Distinguish FP16 vs BF16 by exponent/mantissa.
State that BF16 is preferred when available (no loss scaling needed).
Explain the loss-scaling recipe for FP16.
Mention the FP32 master copy + per-tensor casting.
Mention which operations stay in FP32 (LayerNorm, softmax, loss).
Bonus: mention FP8 for H100-era training; mention optimizer state memory dominance.

Common confusions

“FP16 is faster than BF16.” No, they have the same throughput on tensor cores. BF16 is preferred because it doesn’t need loss scaling.
“Mixed precision halves my model size.” It halves activation size and gradient size, but the optimizer state is still FP32 (3x the model size for Adam). Total memory savings are smaller than naive 2x.

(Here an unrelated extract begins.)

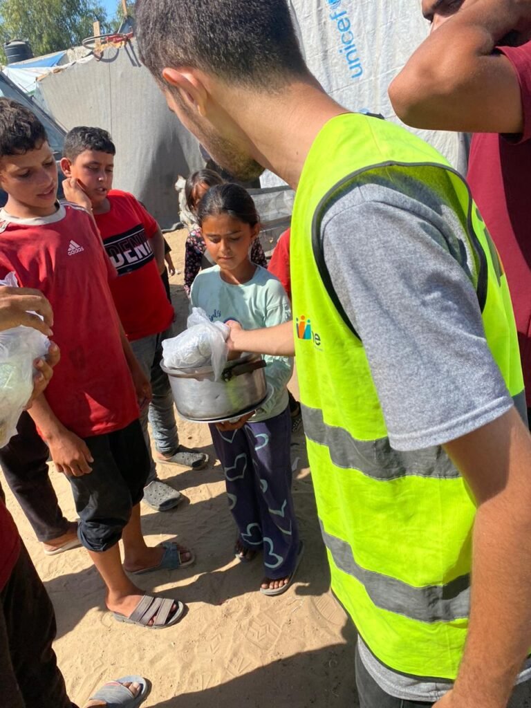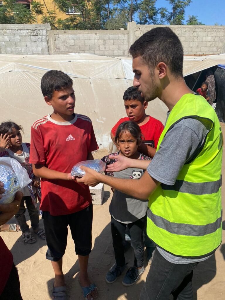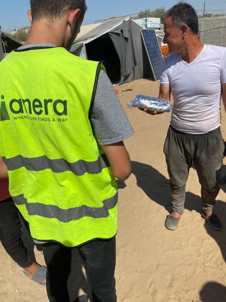 الهيئة الأهلية الفلسطينية ومؤسسة أنيرا توزعان وجبات غذائية على النازحين المتأثرين بالحرب
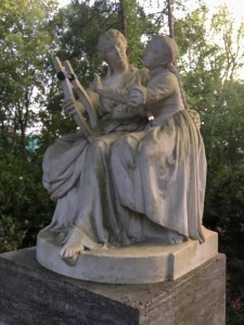 Ganz frisch gereinigt und vergoldet erstrahlt das Denkmal für die drei Komponisten Beethoven, Mozart und Haydn (auf der nicht sichtbaren Seite). Wir wollten es zuerst gar nicht angucken, da wir dafür die mehrspurige B96 hätten überqueren müssen. Doch inzwischen verläuft diese unterirdisch im sogenannten Tiergartentunnel, wir können einfach nur über den Rasen laufen zum „Musikerofen“ (die Berliner haben ein Faible für Spitznamen).

“BF16 is always strictly better than FP16.” Worse precision can occasionally bite (e.g., BF16 loses precision on values near 0 that FP16 retains). For most transformer training, BF16 wins.
“Quantization” and “mixed precision” are the same.” Different. Mixed precision is for training. Post-training quantization (INT8, INT4) is for inference and changes the actual stored data type, not just the compute precision.